President Trump’s decision not to divest himself of his businesses, in particular his foreign holdings or holdings that derive income from foreign governments, was a fateful error that flew in the face of precedent, clean government and the Constitution. Now, a federal appeals court has held he cannot derive income from foreign governments that frequent his businesses.
The full U.S. Court of Appeals for the 4th Circuit, sitting en banc on Thursday, overruled a decision from a panel on the same court that prevented a case brought by Maryland and the District of Columbia from proceeding. The case alleged that Trump’s hotel business with foreign governments violates the emoluments clause, and the specific issue for the full 4th Circuit was whether to intervene to force the district court to allow an interlocutory appeal and thereby prevent the district court from proceeding with discovery (which would entail the investigation of Trump’s finances).

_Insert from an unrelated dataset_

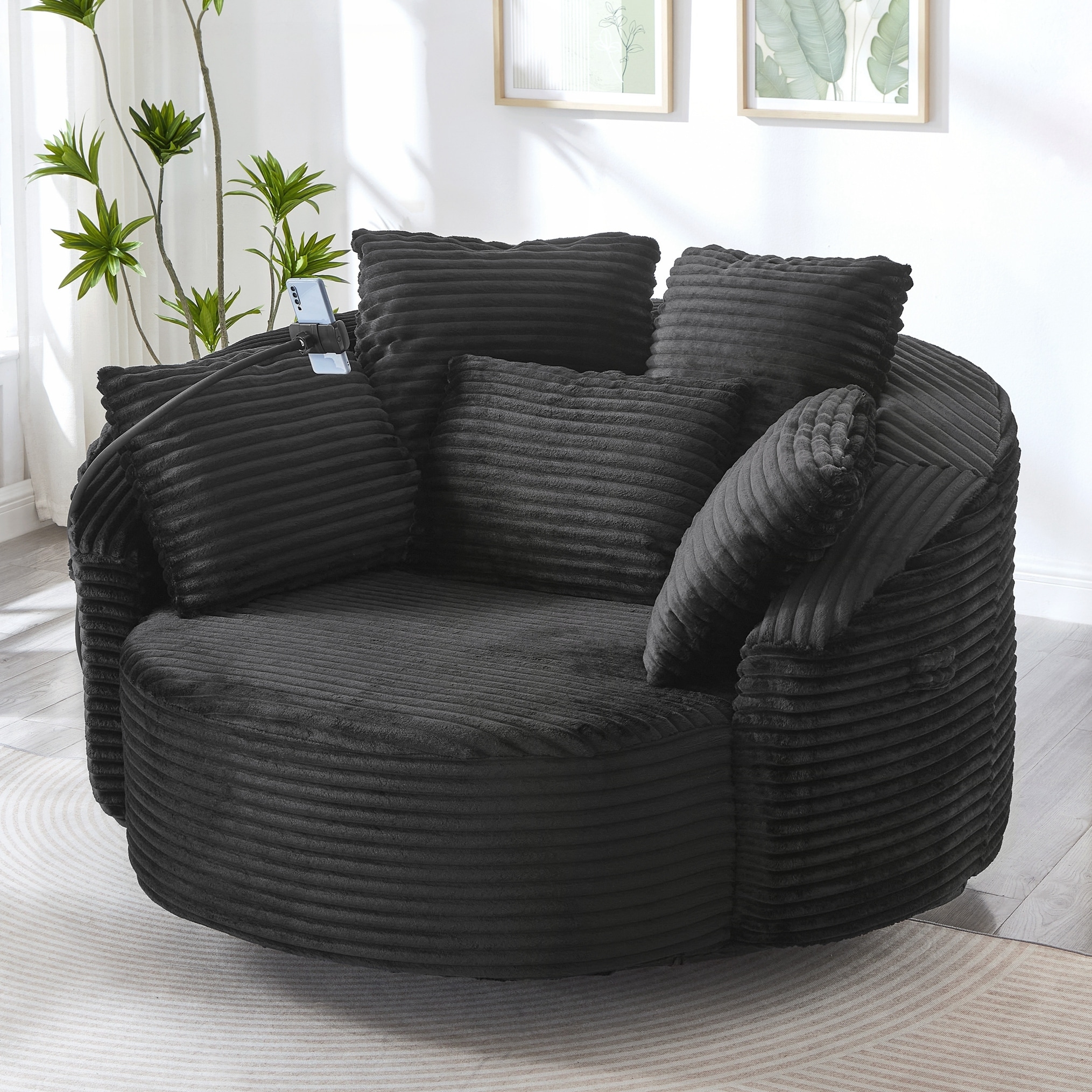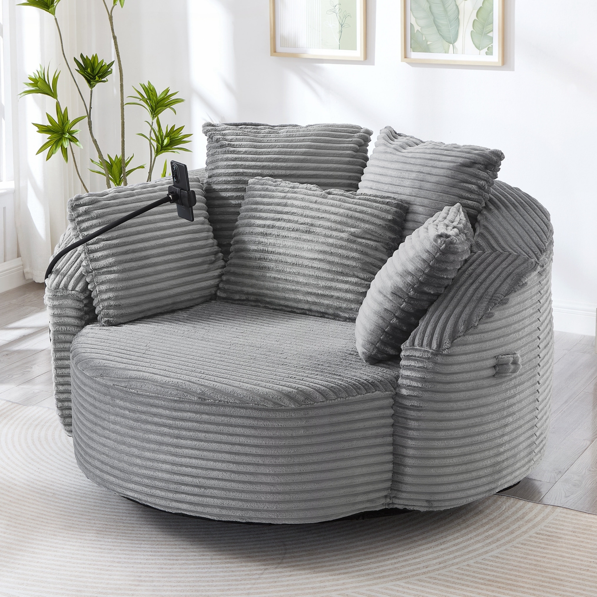 360° Swivel Chair Accent Barrel Chair Corduroy Round Sofa Chair

The 4th Circuit held that no, the case could proceed as the district court ordered. The majority held that dismissal of the entire action was not warranted because Maryland and D.C.’s argument that emoluments include “all profits and other benefits [accepted from a foreign or domestic government] that [the President] accepts through the businesses he owns” is plausible. In a stunning rebuke of the dissent, three judges wrote in a concurrence: “Without a doubt, a lawsuit brought by the State of Maryland and the District of Columbia against the President of the United States catches attention outside the walls of the courthouse. How then should the Court avoid the appearance of partiality when there are eyes upon it?” The judges answer their own question: “By applying the law and abstaining from grandiose screeds about partisan motives. Or, put another way—by doing its job. And that is exactly what the excellent majority opinion does.”